The legal separation of the Thirteen Colonies from England occurred on July 2, 1776 after the Second Continental Congress voted to approve a resolution of independence declaring themselves free from the rule of Great Britain. Having done so, the congress then focused attention on creating what we now know as the Declaration of Independence; they approved it on July 4th, the day we celebrate our Independence.
But by whose authority did they liberate themselves from their loyalty bonds?  It has been said that ultimatum is the ultimate authority from which all other authorities are derived.  That ultimatum is, as history has proven, the threat of violence.  Yet in this isolated case, there was none made.

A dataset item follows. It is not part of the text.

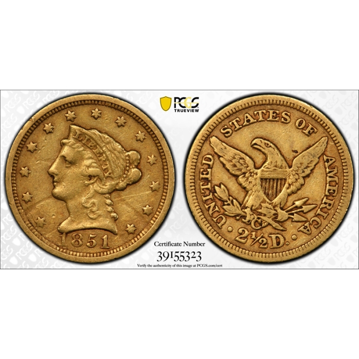 Description / 1851 C $2.50 Liberty Head Quarter Eagle Gold PCGS VF Very Fine Details Charlotte
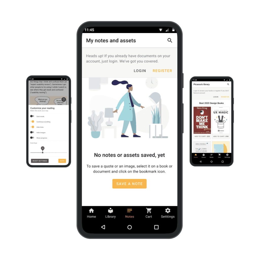 The internet is filled with amazing e-books for designers and artists. However, reading and organizing design-related content can be challenging. Traditional e-reading apps, such as Kindle, do not offer specialized tools for designers who need to take notes, extract assets, and reference visuals in their work.

The Declaration of Independence was just a notice, along with being an appeal to an agreed understanding of  the shared higher authority between the two societies as belonging to the divine. Based upon that shared recognition, the colonies invoked the right for every man being under God’s dominion, not a kings. From there, liberty to pursue inalienable rights was given by God alone. We American’s are intimately familiar with those as being life, liberty and the pursuit of happiness.
Consider if you will the outrageousness in that time to claim to be free of loyalty to sovereignty? In most cases that was pure unadulterated treason.  So outrageous, it must have been considered a joke.
But an ultimatum that had no consequence?  It must be a joke.  The colonies continued without advising what consequences were to befall disagreement.  They didn’t threaten consequences.  They simple said, we quit.  Clearly England didn’t agree and so the colonies resisted their effort to regain control over the colonies.  So violence was still in the mix, but not as an ante; rather a raised wager. But then it got even stranger.  This new entity didn’t even adopt a government mandate, the Articles of Confederation and Perpetual Union, until 1781, five years since claiming freedom from royal control!  Oh, but it get even better, the Constitution of the United States wasn’t formally in effect until 1789 yet ANOTHER  eight years after THAT.  Imagine that…really….thirteen years after claiming independence you come up with a system you’re going to govern by.  And that accomplished not by threatening consequences for disagreement, but simple committing to doing life different.
This brings me to the true freedom that we should celebrate, because it is truly uniquely American.  Individual freedom is the font from which all possibilities flow:
Figuring things out for yourself is practically the only freedom anyone really has nowadays.  Use that freedom.  Mr. Jean Rasczak, Starship Trooper.